Shure SRH144 Headphone Review
Average audio for a good price
The Insides That Count
The SRH144s deliver standard performance in exchange for a budget price. Its lab results weren’t ideal and the problems it faced were mostly due to its semi-open design.
While our frequency response test didn’t produce any results that were very surprising—either positively or negatively—the distortion and isolation scores were not very good and really hampered the SRH144s overall assessment.
I’ll break down what happened during each of our tests and how that impacted the headphones in each category.
Our frequency response test provided results that were fairly inoffensive—which is great news if you want to equalize your music. But, there are some key points that are important to highlight.
It’s important to note that, when we test, we start off with a parent signal of 74dB and measure the response based on that number. Sub-bass starts off around 70dB but quickly rises closer to 82dB, and then stays around that level as the frequency increases into the bass range at 60Hz. This means bass will sound about twice as loud as our parent signal. The midrange frequencies—300Hz–2kHz—dropped from the 80dB range somewhere closer to 75dB.
There’s a fair balance between bass and midrange sounds that won’t be overpowered one way or the other. It’s in the upper mids that we get a drop in relative volume to somewhere closer to 65dB. In other words, sounds from this range are about half the volume of our parent signal and approximately four times quieter than the relative volume of bass. Depending on your music, some of the high guitar notes and vocals that live in this area will probably be lost to the louder bass.
Distortion starts to get really noticeable by most people when it reaches 3% or higher. In an ideal scenario, we won’t measure anything that crests above this amount and instead will leave you listen to clean and clear music. But, there are some pretty high peaks and valleys in the beginning of this chart that may be a little worrisome at first glance. We’ll take a closer look at the results and see what’s really going on here.

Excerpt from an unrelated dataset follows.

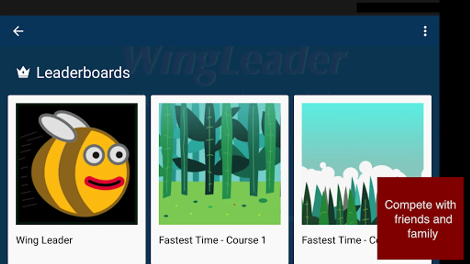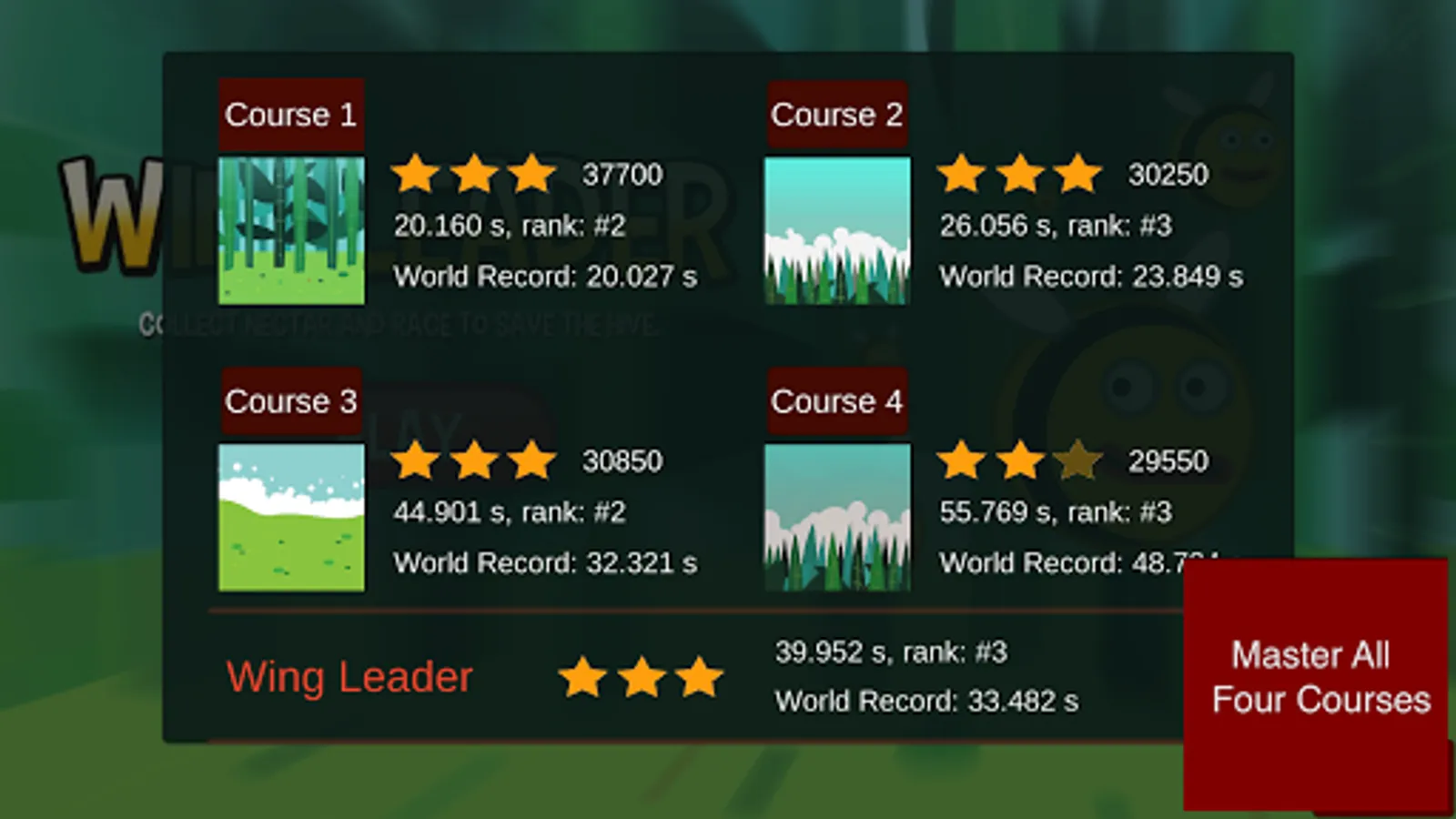 To be Wing Leader, your bee has to be the fastest bee in the world. On the screen, it is you against an AI bee, but what's really important is your time, relative to other people playing the game. Check the leaderboards to see where you stand on each of the four courses. Then check the Wing Leader leaderboard. The bee with the lowest, average time across all courses is the Wing Leader.

Those peaks and valleys fluctuate between a high of 32% and a low of 4% in the sub-bass range. So, the good news is that only a few frequencies will suffer from really high amounts of distortion while the rest will be somewhere between a terrible and minor amount. Luckily, that sub-bass range of 0–60Hz—where all of these peaks and valleys are—is the most difficult portion of the audible spectrum for humans to hear distortion. It will boil down to how sensitive your hearing is and, of course, the kind of music you listen to.
After the frequencies shift to bass at 60Hz and up, the distortion drops down to a much more reasonable level below 2%—a much better score that translates to cleaner sound.
The semi-open back design of the ear cups means that the SRH144s were constructed knowing that they wouldn’t be able to block outside noise (and would also leak sound from the headphones). When we put it to the test, we got results that matched our expectations.
The SRH144s don’t start blocking any outside noise until the midrange frequencies of about 800Hz and the volume of those sounds will only be dropped by a small amount. To get a better idea, I wore these headphones around my office to see how much of the chatter would be cut down—hardly any at all. I could even still hear the sound from me typing on my laptop. Greater isolation numbers don’t come in until the high mids—although there aren’t a lot of sounds you’re likely to encounter that lives in this range. If you plan to purchase these headphones, do it knowing that you’ll still be fully aware of what’s happening around you.